BEGIN Extracted records
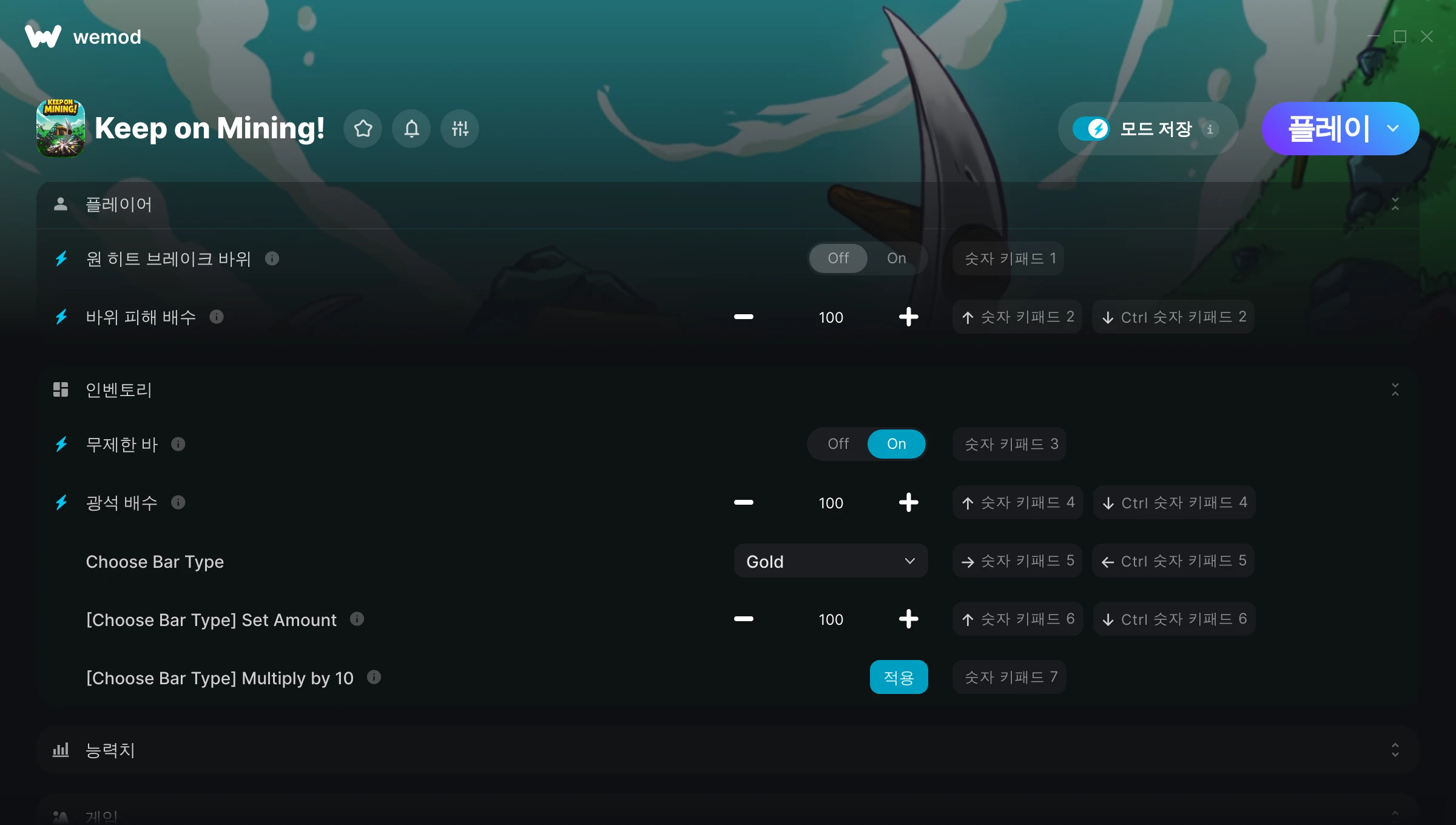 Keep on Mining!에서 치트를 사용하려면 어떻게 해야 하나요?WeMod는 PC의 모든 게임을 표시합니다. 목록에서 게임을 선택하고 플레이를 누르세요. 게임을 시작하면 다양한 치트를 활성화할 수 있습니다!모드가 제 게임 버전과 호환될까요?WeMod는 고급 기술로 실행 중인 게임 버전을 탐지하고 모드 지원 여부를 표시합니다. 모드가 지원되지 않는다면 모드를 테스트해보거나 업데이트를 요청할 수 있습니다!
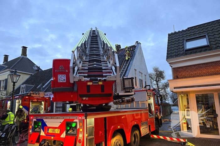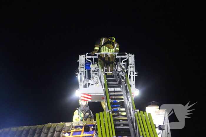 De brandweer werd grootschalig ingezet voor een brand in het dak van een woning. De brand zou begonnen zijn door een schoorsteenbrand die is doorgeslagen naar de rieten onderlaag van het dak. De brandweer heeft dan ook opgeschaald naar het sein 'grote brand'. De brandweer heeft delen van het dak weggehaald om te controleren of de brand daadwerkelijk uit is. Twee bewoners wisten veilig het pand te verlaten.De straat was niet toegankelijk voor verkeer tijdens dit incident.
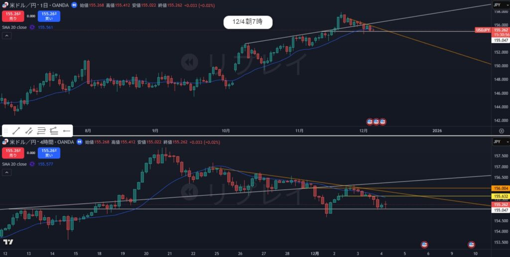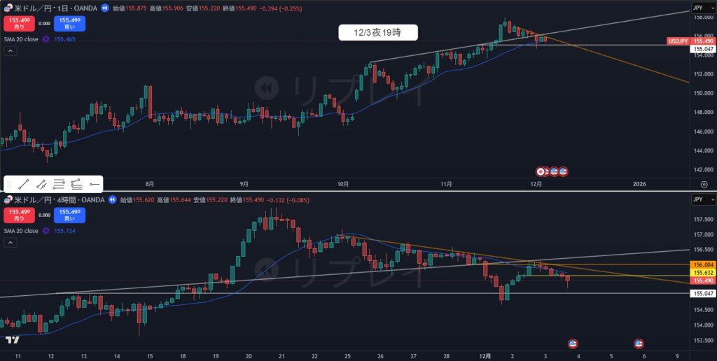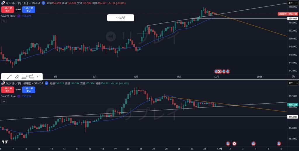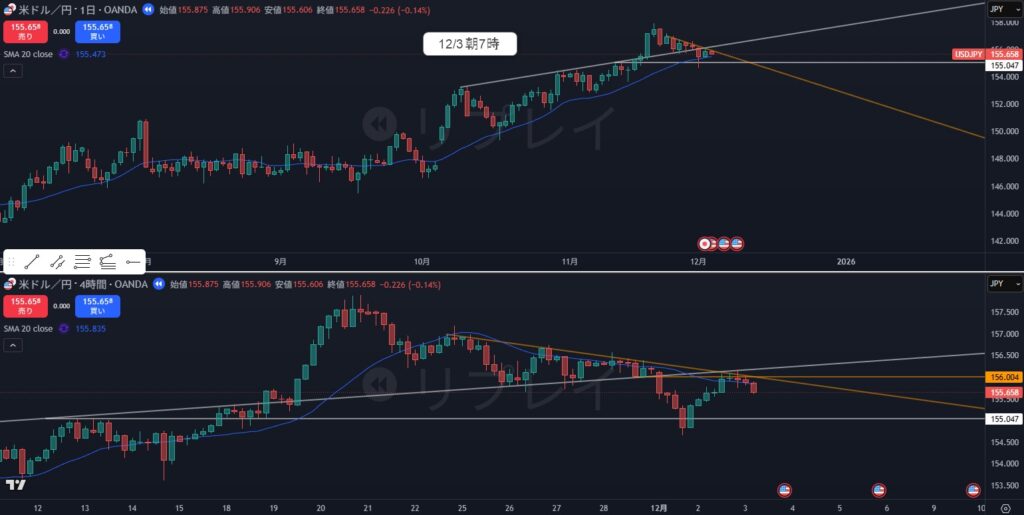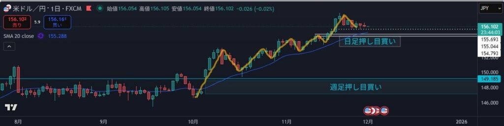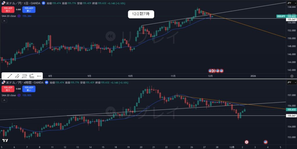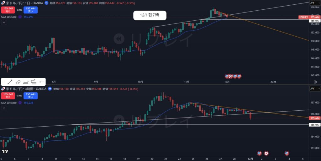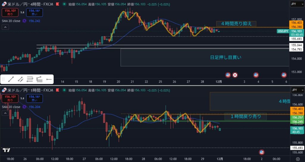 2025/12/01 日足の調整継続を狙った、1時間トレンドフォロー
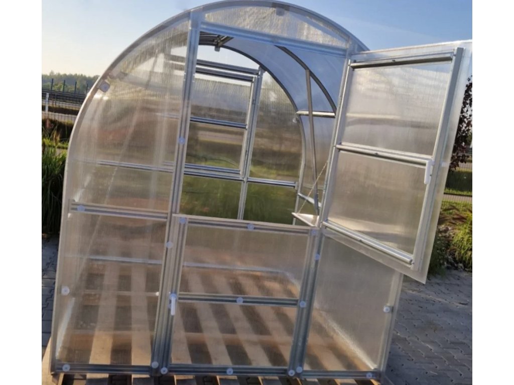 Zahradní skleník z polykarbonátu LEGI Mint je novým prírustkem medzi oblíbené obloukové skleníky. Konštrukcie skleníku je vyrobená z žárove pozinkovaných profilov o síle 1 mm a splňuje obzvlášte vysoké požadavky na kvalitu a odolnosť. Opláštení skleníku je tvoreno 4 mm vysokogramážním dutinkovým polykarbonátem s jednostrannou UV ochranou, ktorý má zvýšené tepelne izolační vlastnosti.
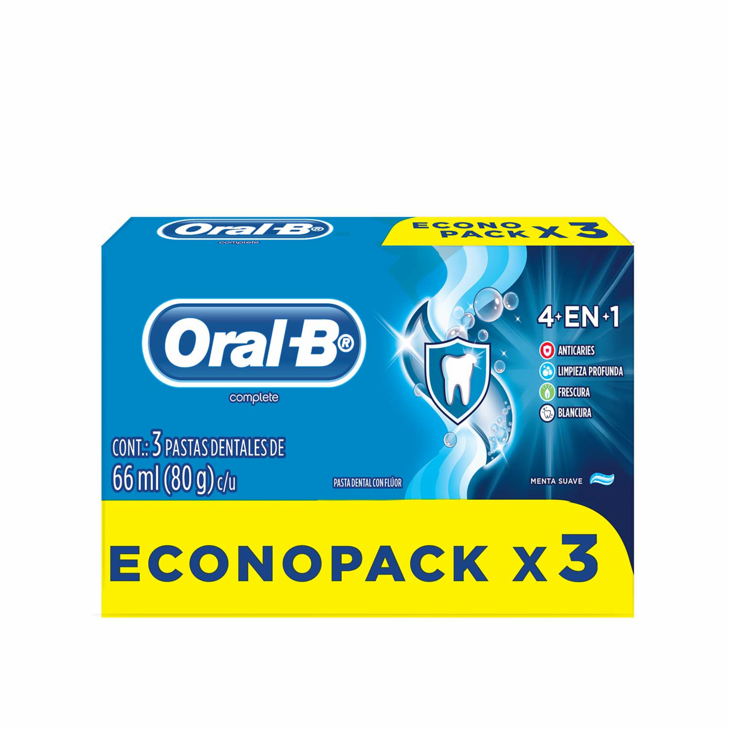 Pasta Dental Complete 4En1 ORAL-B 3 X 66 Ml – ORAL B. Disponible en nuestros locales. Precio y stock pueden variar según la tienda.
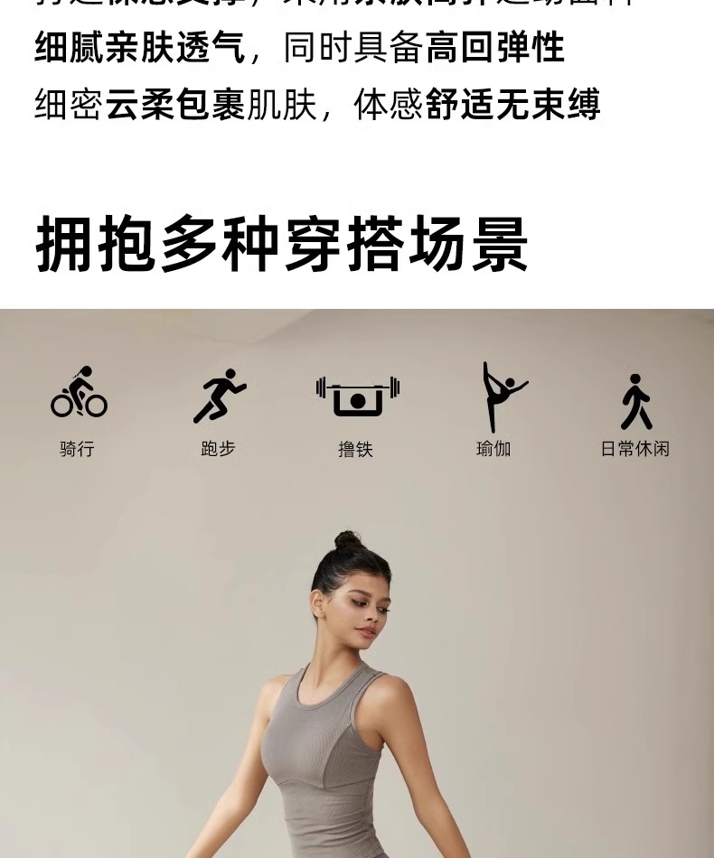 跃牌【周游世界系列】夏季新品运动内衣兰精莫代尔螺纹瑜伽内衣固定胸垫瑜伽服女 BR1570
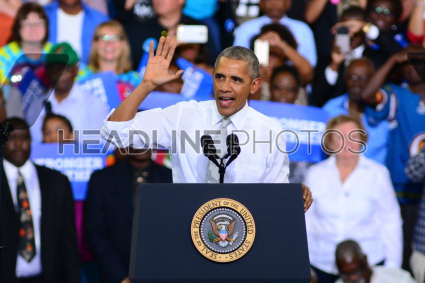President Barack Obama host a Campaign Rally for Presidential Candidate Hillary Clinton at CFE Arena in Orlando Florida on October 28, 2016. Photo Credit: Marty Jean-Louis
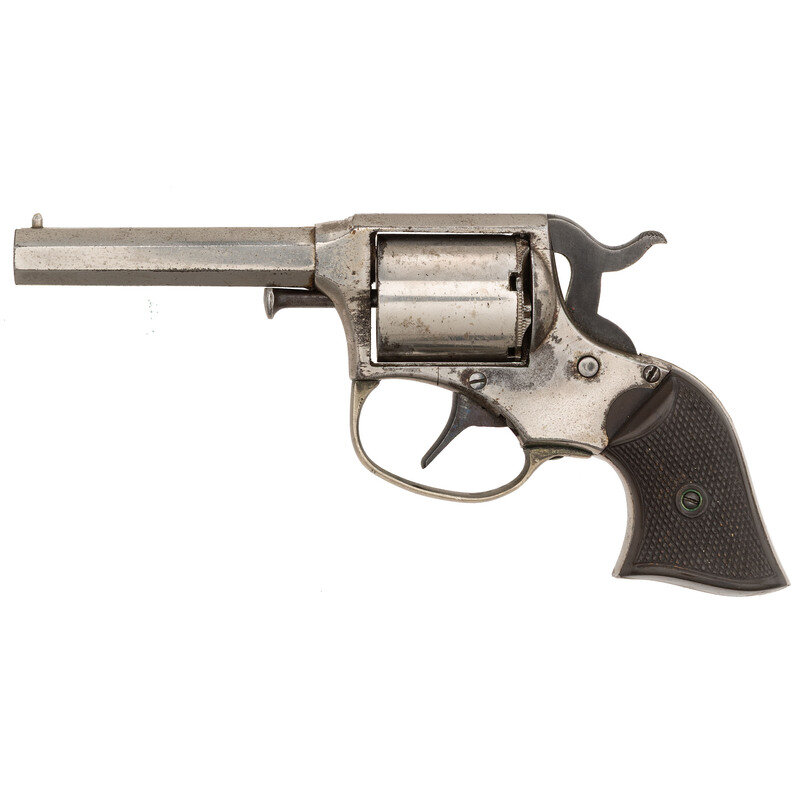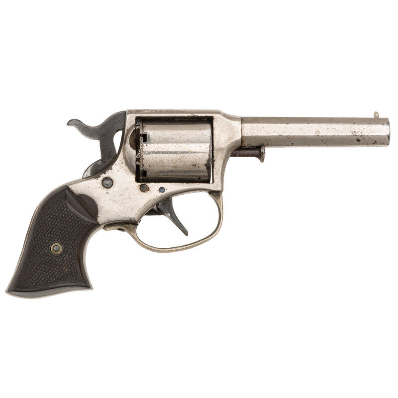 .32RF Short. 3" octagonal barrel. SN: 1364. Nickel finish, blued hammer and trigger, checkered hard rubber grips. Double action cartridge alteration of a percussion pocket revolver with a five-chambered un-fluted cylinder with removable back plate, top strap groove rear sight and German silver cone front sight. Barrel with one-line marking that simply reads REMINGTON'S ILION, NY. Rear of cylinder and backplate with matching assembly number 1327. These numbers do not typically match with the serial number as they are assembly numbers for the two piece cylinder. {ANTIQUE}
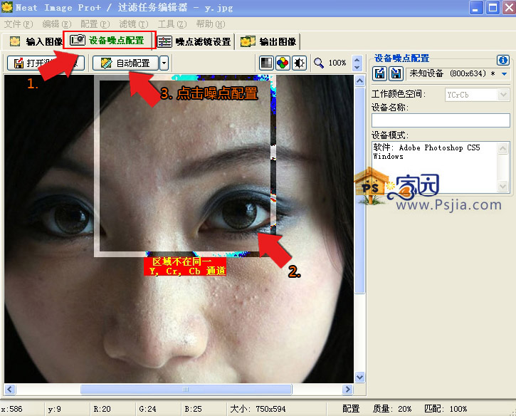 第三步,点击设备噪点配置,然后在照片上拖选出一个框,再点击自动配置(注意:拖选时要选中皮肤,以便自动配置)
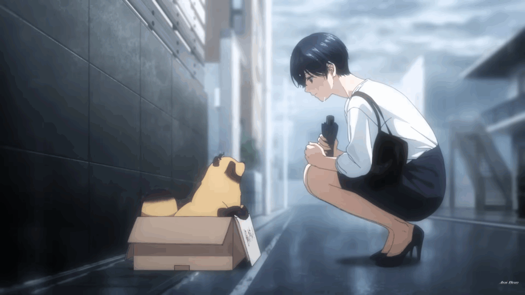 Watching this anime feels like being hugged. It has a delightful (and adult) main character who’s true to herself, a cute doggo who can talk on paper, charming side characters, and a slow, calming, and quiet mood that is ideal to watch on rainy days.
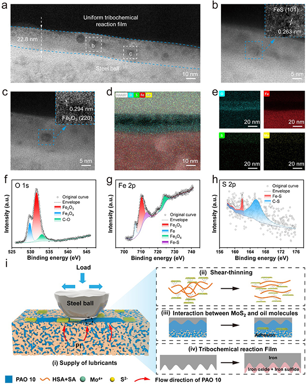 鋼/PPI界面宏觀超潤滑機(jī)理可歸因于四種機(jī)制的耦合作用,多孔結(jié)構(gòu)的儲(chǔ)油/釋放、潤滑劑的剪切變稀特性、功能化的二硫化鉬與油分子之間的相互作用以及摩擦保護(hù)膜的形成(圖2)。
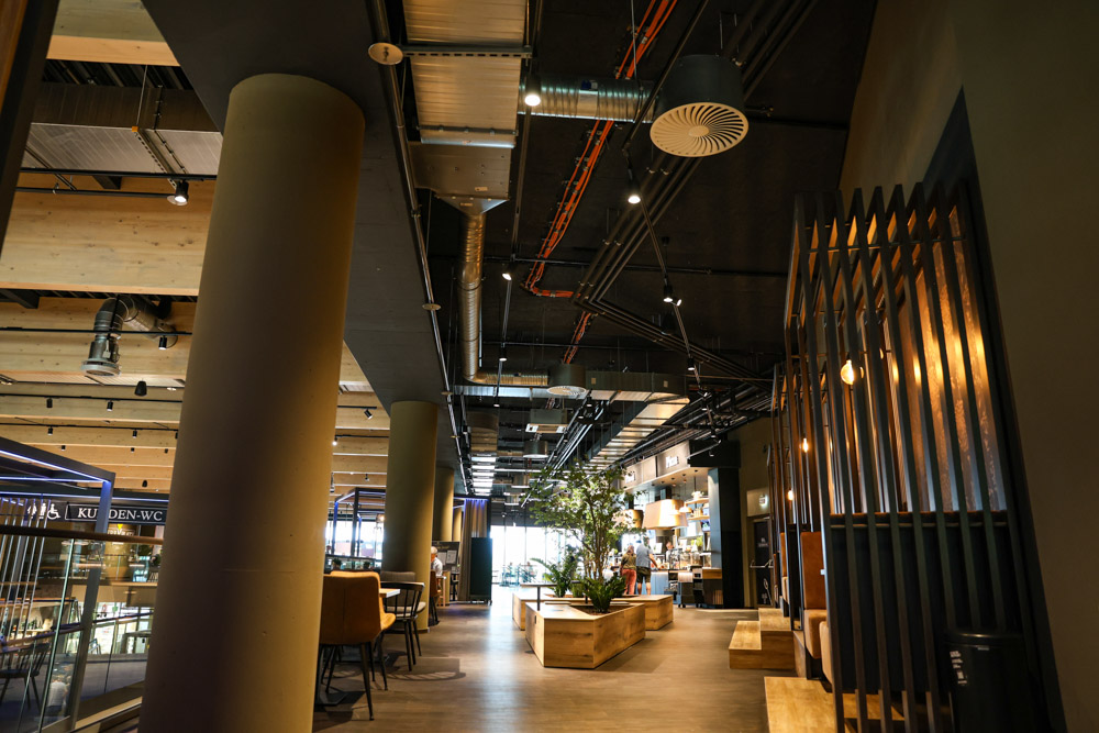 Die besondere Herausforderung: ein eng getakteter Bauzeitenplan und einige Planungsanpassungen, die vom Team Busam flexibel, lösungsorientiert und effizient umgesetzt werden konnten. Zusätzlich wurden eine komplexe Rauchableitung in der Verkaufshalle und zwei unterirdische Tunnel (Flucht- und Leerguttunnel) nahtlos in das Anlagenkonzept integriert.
END Extracted records
> _Try it_: From the data above, return only the lines starting at the line that holds "Watching this anime" and ending at the line that holds "鋼/PPI界面宏觀超潤滑機(jī)理可歸", word for word and without pictures.

> _Reply to the exercise_:
 Watching this anime feels like being hugged. It has a delightful (and adult) main character who’s true to herself, a cute doggo who can talk on paper, charming side characters, and a slow, calming, and quiet mood that is ideal to watch on rainy days.
 鋼/PPI界面宏觀超潤滑機(jī)理可歸因于四種機(jī)制的耦合作用,多孔結(jié)構(gòu)的儲(chǔ)油/釋放、潤滑劑的剪切變稀特性、功能化的二硫化鉬與油分子之間的相互作用以及摩擦保護(hù)膜的形成(圖2)。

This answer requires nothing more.